**Material for this task:**

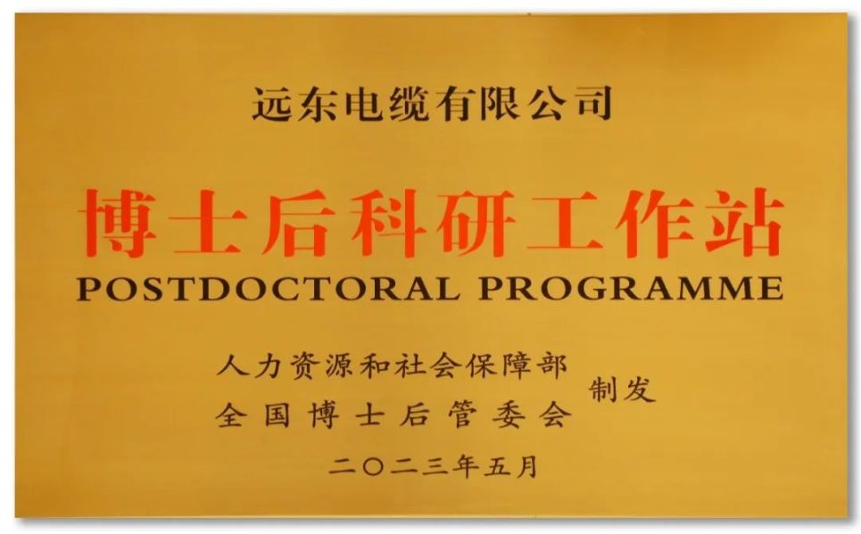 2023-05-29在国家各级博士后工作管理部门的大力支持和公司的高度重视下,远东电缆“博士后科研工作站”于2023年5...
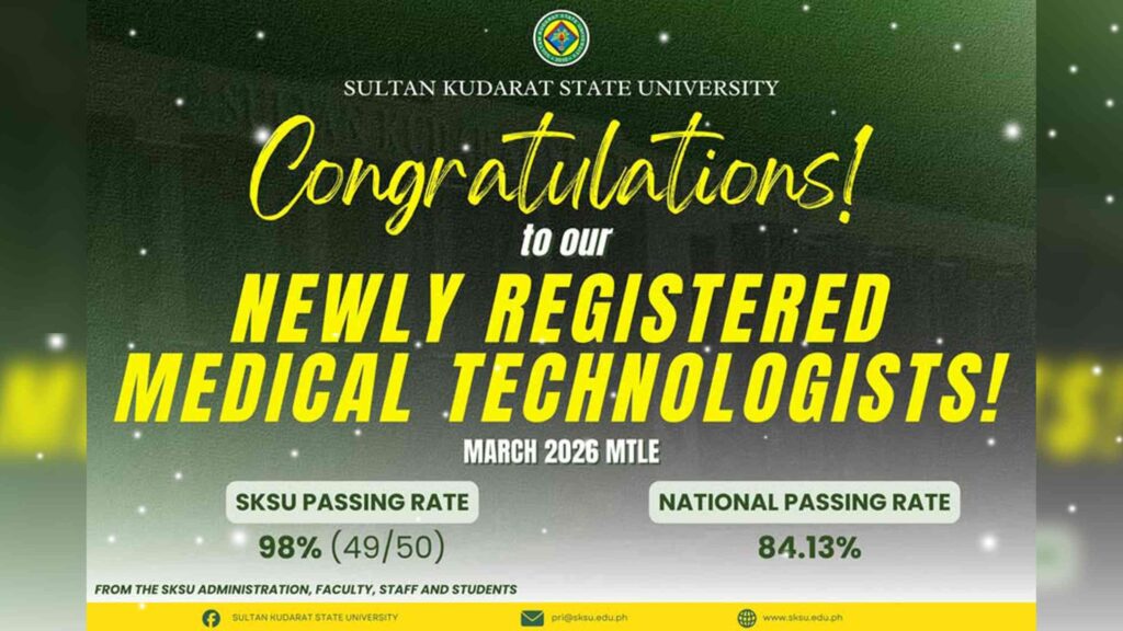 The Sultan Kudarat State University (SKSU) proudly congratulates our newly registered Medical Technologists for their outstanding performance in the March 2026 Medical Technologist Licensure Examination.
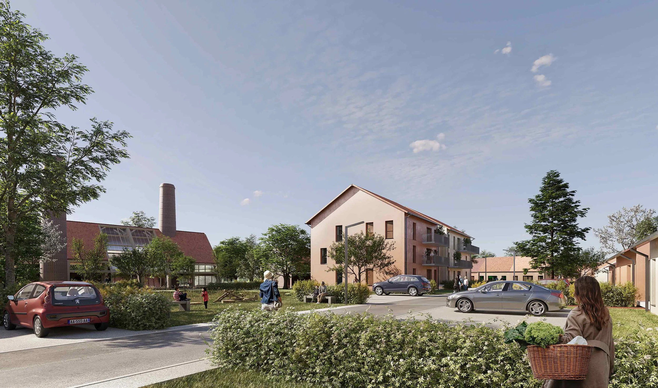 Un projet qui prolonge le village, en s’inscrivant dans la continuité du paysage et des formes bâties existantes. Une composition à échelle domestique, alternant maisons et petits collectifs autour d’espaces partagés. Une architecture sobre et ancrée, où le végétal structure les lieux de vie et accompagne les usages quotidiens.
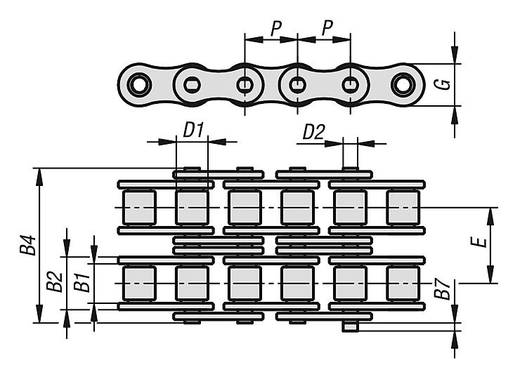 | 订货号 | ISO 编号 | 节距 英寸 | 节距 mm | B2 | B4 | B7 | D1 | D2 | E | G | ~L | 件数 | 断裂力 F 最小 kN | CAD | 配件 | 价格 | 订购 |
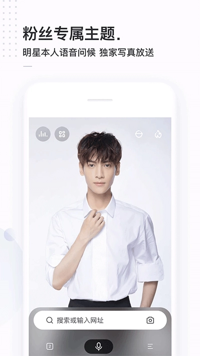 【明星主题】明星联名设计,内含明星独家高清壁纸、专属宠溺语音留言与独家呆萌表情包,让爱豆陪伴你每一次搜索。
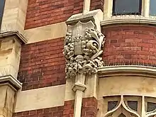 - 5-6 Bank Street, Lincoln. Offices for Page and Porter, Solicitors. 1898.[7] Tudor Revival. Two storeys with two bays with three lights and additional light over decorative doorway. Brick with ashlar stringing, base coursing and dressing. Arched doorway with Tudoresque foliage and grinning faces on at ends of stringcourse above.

* * *

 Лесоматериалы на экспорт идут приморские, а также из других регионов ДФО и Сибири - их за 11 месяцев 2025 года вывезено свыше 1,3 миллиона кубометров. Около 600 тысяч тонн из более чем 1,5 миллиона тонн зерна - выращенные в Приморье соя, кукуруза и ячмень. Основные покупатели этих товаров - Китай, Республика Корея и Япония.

**What this task involves:** Transcribe, word for word, the lines of the listing above from the one that contains "2023-05-29在国家各" through the one that contains "Un projet qui", keeping both ends and dropping the pictures.

**Exercise answer:**
 2023-05-29在国家各级博士后工作管理部门的大力支持和公司的高度重视下,远东电缆“博士后科研工作站”于2023年5...
 The Sultan Kudarat State University (SKSU) proudly congratulates our newly registered Medical Technologists for their outstanding performance in the March 2026 Medical Technologist Licensure Examination.
 Un projet qui prolonge le village, en s’inscrivant dans la continuité du paysage et des formes bâties existantes. Une composition à échelle domestique, alternant maisons et petits collectifs autour d’espaces partagés. Une architecture sobre et ancrée, où le végétal structure les lieux de vie et accompagne les usages quotidiens.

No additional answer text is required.